Measurement of the tune-out wavelength for $^{133}$Cs at $880$ nm

TL;DR

This paper precisely measures the tune-out wavelength for cesium-133 at 880 nm, providing a benchmark for high-precision atomic theory and improving previous measurements by a factor of ten.

Contribution

The authors accurately determine the tune-out wavelength for $^{133}$Cs and extract matrix element ratios, serving as a benchmark test for atomic theory.

Findings

Tune-out wavelength measured as 880.21790(40) nm.

Ratio of reduced matrix elements determined as 1.9808(2).
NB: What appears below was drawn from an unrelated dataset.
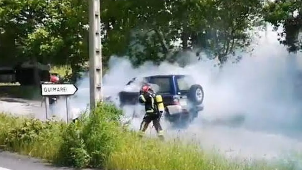 Un vehículo ardió en la N-525 a su paso por Monterrei sin causar heridos, aunque quedó casi completamente calcinado.
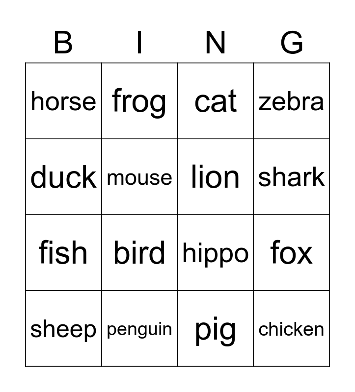 This bingo card has 28 words: monkey, parrot, fish, cow, mouse, cat, frog, chicken, penguin, snake, hippo, zebra, whale, crocodile, bird, tiger, spider, lion, shark, dog, horse, rat, sheep, fox, pig, bear, duck and dolphin.

Improved measurement precision by a factor of 10.

Abstract

We perform a measurement of the tune-out wavelength, $\lambda_{0}$, between the $D_{1}$, $6^2S_{1/2}\rightarrow6^2P_{1/2}$, and $D_{2}$, $6^2S_{1/2}\rightarrow6^2P_{3/2}$, transitions for $^{133}$Cs in the ground hyperfine state $(F=3, m_{F}=+3)$. At $\lambda_{0}$, the frequency-dependent scalar polarizability is zero leading to a zero scalar ac Stark shift. We measure the polarizability as a function of wavelength using Kapitza-Dirac scattering of a $^{133}$Cs Bose-Einstein condensate in a one-dimensional optical lattice, and determine the tune-out wavelength to be $\lambda_{0}=880.21790(40)_{\textrm{stat}}(8)_{\textrm{sys}}$ nm. From this measurement we determine the ratio of reduced matrix elements to be $\left|\left<{6P_{3/2}\| d\|6S_{1/2}}\right>\right|^{2}\left|\left<{6P_{1/2}\| d\|6S_{1/2}}\right>\right|^{2}=1.9808(2)$. This represents an improvement of a factor of 10 over previous results derived from excited-state lifetime measurements. We use the present measurement as a benchmark test of high-precision theory.